Тем временем в самом Сталинграде остатки дивизий Зейдлица мужественно держали оборону. Им приходилось беречь боеприпасы, но они отражали все атаки. От холода солдаты укрывались не только в блиндажах, но и в глубоких подвалах. Это же было для них и спасением от огня советской артиллерии. «Они сидят там, словно косматые дикари в пещерах каменного века, – писал обо всем этом Гроссман, – пожирая конину в дыму и мраке, среди развалин прекрасного города, который сами и разрушили».[762]

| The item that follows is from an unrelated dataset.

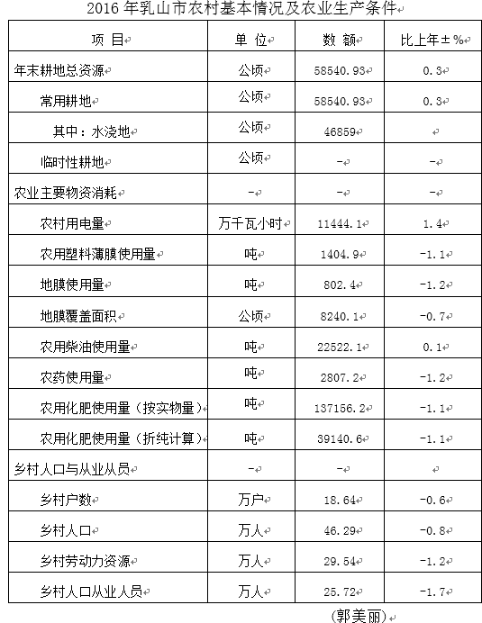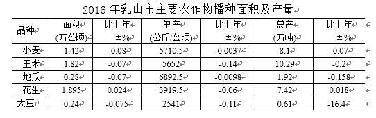 【概况】 2016年,乳山市农作物播种面积7.75万公顷,比上年增加13.6%。其中,粮食作物播种面积3.76万公顷,比上年减少6.9%;经济作物播种面积1.9万公顷,比上年增加2.7%。全年粮食总产量20.95万吨,比上年减少15.2%。蔬菜及瓜类种植面积0.92万公顷,与去年持平,总产量45.8万吨,增加0.05%。 【农业技术推广应用取得新成就】 2016年,推广测土配方施肥技术,年内化验土样520个,化验项次2600项次,拟定配方11个,全市配方施肥应用面积76666.7公顷。推广小麦“一喷三防”、小麦宽幅精播、“花生套餐”技术、玉米“一增四改”、玉米“一防双减”、玉米晚收、农作物病虫害综合防治等新技术,取得较好效果。 【优良品种全覆盖】 2016年,在南黄镇南黄村建设小麦新品种展示基地5.5公顷、展示品种14个,建设玉米新品种展示基地面积7.95公顷、展示品种94个。重点推广烟农5158、烟农999、青丰1号等新优品种,全市优良品种覆盖率100%。承担2016年粮食高产创建示范方建设项目,在乳山寨镇、夏村镇52个村建设面积2000公顷高产示范方,经威海市农业局组织专家测产验收,小麦、玉米两季平均亩产1160.2公斤,超额完成项目要求的1100公斤产量指标。 9月18日,威海市农业局组织专家对乳山市2016年粮食高产创建示范方建设项目玉米产量进行测产验收。 (农业局提供)

Свидетельства о «сильной наступательной активности войск противника» в боевом журнале 6-й армии участились. Впоследствии подробный отчет о том, как воевала, в частности, в северной части Сталинграда в конце декабря 389-я пехотная дивизия, представил Ганс Урбан, 28-летний бывший сержант полиции из Дортмунда. Вот его свидетельства:
Обыкновенно русские атаковали в вечерних сумерках или на рассвете, после сильной артиллерийской подготовки. Если им удавалось захватить у нас два-три дота, мы обязательно старались отбить их обратно. 30 декабря после многочисленных атак мое подразделение получило приказ выдвинуться вперед. Отряд из девяти человек с пулеметами смог отбить следующую атаку примерно трехсот человек со стороны Спартаковки. Двадцать пехотинцев, оставшихся на этом участке, настолько измотали все эти атаки, что они мало чем могли помочь нам. Большинство было готово оставить позиции. У двух моих пулеметов не было сектора обстрела, а противник смог использовать рельеф местности и развалины. Мы вынуждены были дать русским подойти на двадцать метров, после чего открыли частый огонь. Перед нашими позициями осталось больше двадцати убитых. После этого русские попытались забросать нас гранатами. На рассвете первого дня нового года они снова атаковали на этом же участке, теперь силами приблизительно трех рот. Оценить противника точнее трудно, потому что красноармейцы стреляли из воронок, из-за обрушенных стен и груд кирпича. Мы заманили их под перекрестный огонь двух пулеметов. Русские снова понесли большие потери. Был убит минометчик, и, хотя я не имел опыта обращения с минометом, нам удалось использовать против них их же собственное оружие. Когда все закончилось, мы были до того измучены, а вокруг лежало столько замерзших трупов, что мы даже не смогли отыскать среди них и похоронить своих товарищей.[763]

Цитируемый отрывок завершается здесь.